Wow, that was really cheap. When his parents went out for Christmas, they usually spent over three hundred bucks only on the three of them. Sixty dollars for a meal was not what he’d expected to hear.

“Do you guys earn peanuts or what? Are there any rich people around?” As soon as that question left his lips, he regretted it. Of course rich people didn’t live here, my god; that was the entire point of the tunnels.

“Minimum wage is twenty bucks an hour, just so you know. No one’s super rich ‘cause everyone makes a lot of money.”

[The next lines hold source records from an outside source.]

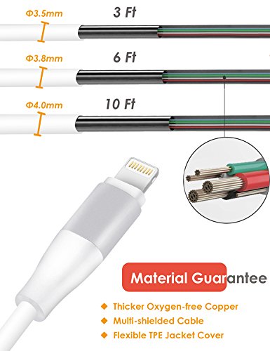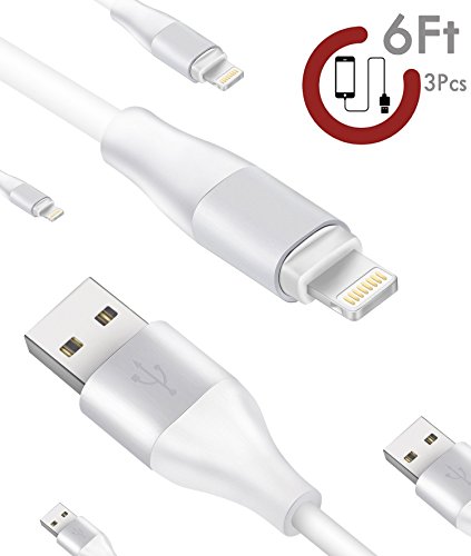 Zeuste [3-Pack Silver 6Ft] Lightning Charging Cable High Speed Data Transfer Sync Charging cord for iPhone, 6S 6 5s 5c IPOD TOUCH 5 NANO 7 IPAD MINI,Compatible with IOS9
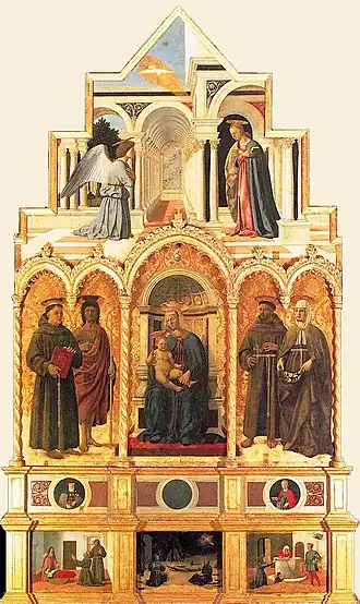 Su parte superior, una Anunciación, es la más conocida. Demuestra la maestría de Piero della Francesca en las reglas (nuevas) de la perspectiva. A la impostación tardogótica pedida por los comitentes y que domina las otras partes del retablo, se contrapone esta Anunciación del gablete, de clara estampa renacentista, con una extraordinaria fuga en perspectiva sobre los arcos del fondo. Sorprende esta perspectiva arquitectónica magistral.
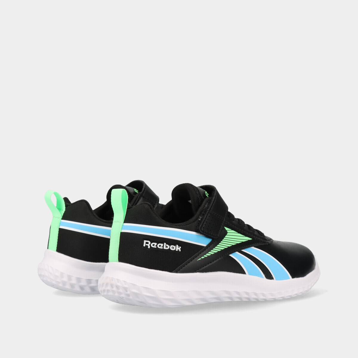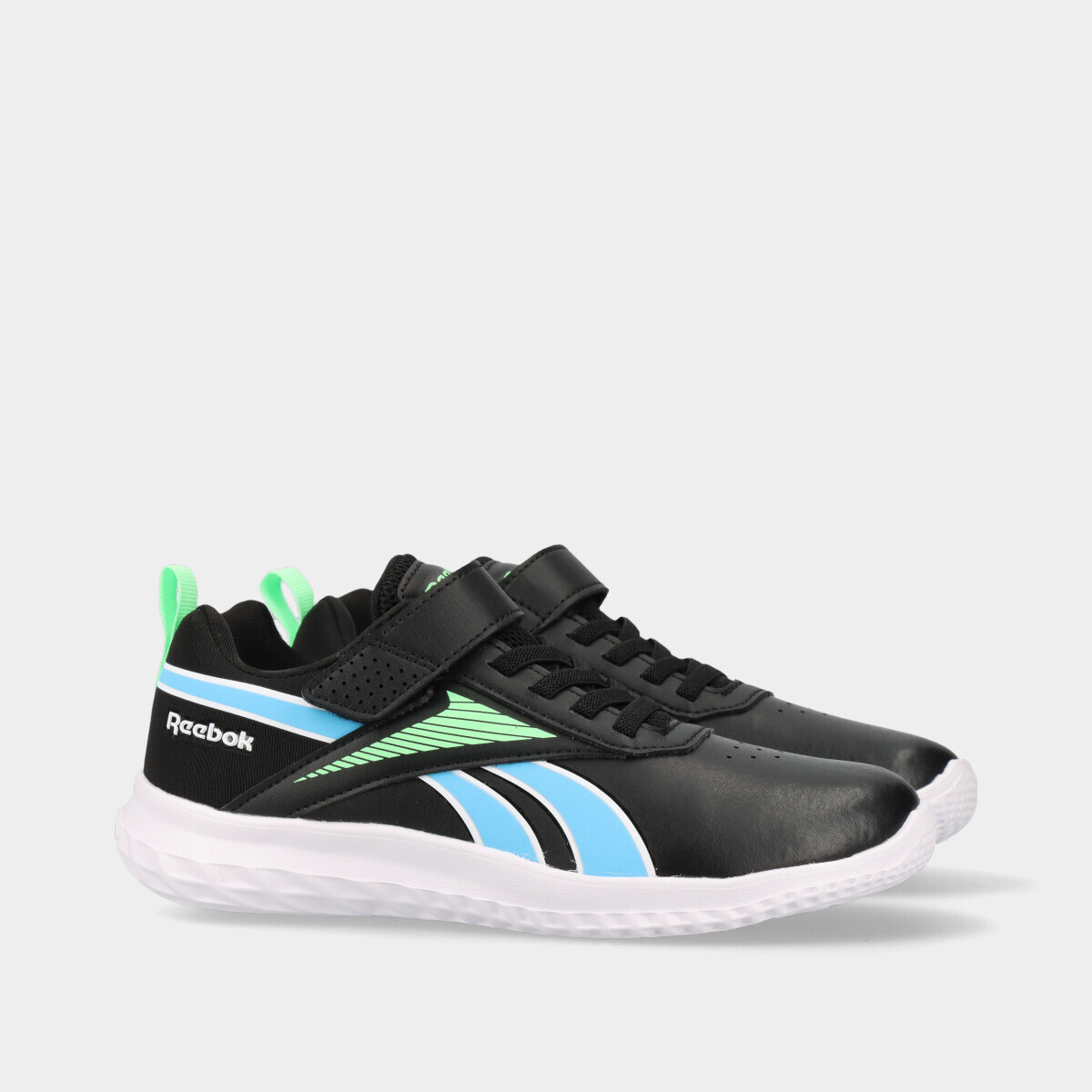 Ténis Reebok Rush Runner Syn em preto e pormenores em contraste, com atacadores elásticos e velcro, ideais para uso diário e atividades desportivas. Confortáveis, leves e versáteis, oferecem desempenho fiável em qualquer ocasião.
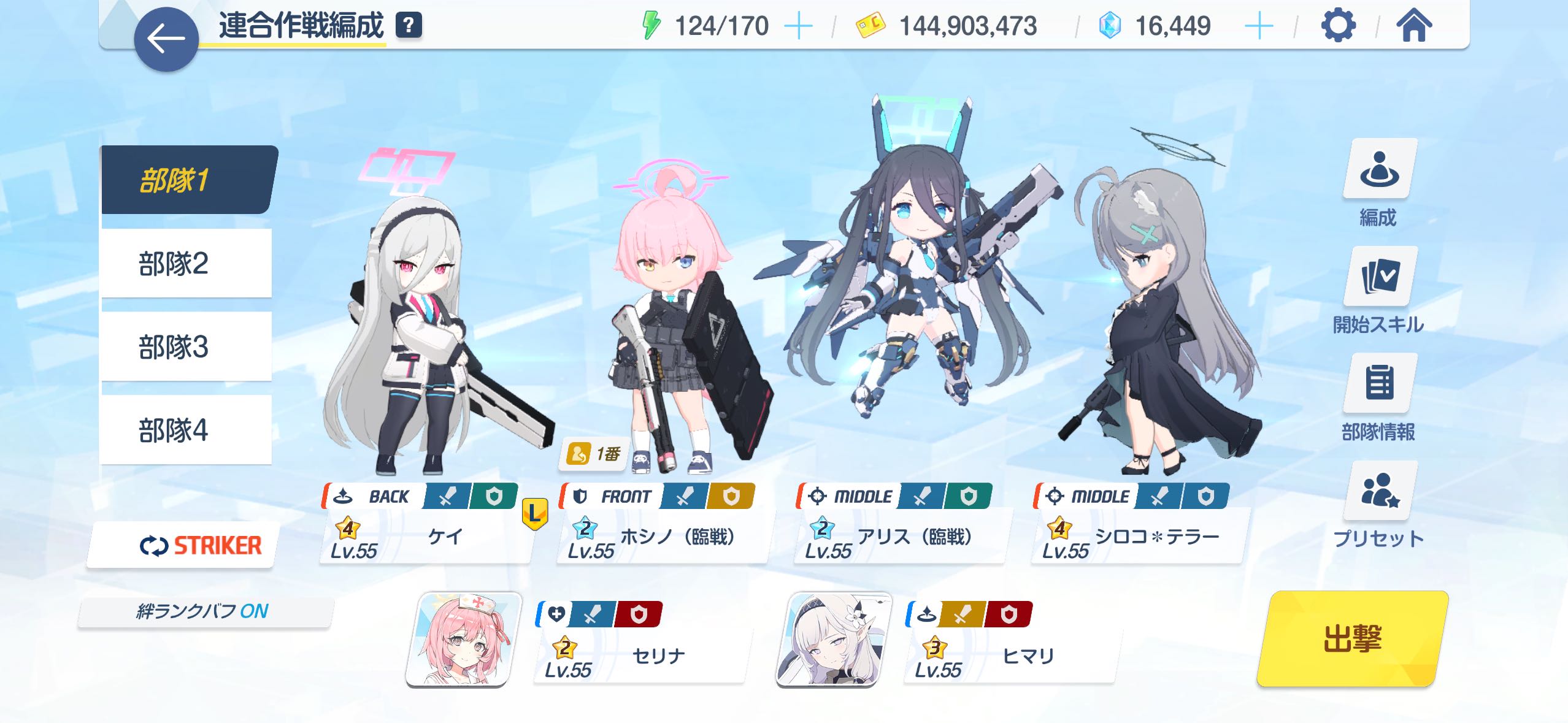 | … | 36026/02/14(土)20:25:04No.1402007391+ムキムキの臨戦アリスとケイとキサキ借りてギミック覚えたらストライカー2人落ちでも回復なしでも余裕でDクリアできるんじゃないかな |

Wait, what? “How much do you make?”

“That’s fucked up to ask.”

Goddammit, he’d done it again; Justin had already told him not to ask those kinds of questions. “Sorry.”

“I don’t get paid by the hour,” Laith explained. “Burman gives me a cut out of what I bring her, so some days I make more than others. The cool thing about working for her is that almost everything is free for me. I don’t pay rent, utilities or any entrance fees. I don’t pay a single cent for anything in the DP.”

“That’s wild. What do you spend your money on, then?”

“Food and alcohol, mostly. I used to spend it all on Justin, but not anymore.”

“Right.” The cogs in his brain turned. “So all those times you let me pay for your drinks and stuff, you could very well afford them yourself.”

“Of course. I mean, it was never about the money, was it?”

Theodore stared at him.

“I paid for your food yesterday,” Laith commented. “And the day before too. I promise I’m not stingy; you just like paying for stuff sometimes, so I let you. Why wouldn’t I?”

“I thought you liked when I took care of you.”

“I do. It’s nice.”

“So can I take you out?”

“Sure. There’s an Italian restaurant near the Blaze-Angel Guts that’s kind of how you described, but I don’t think it’s very expensive. It’s nice, though. I think you’ll like it.”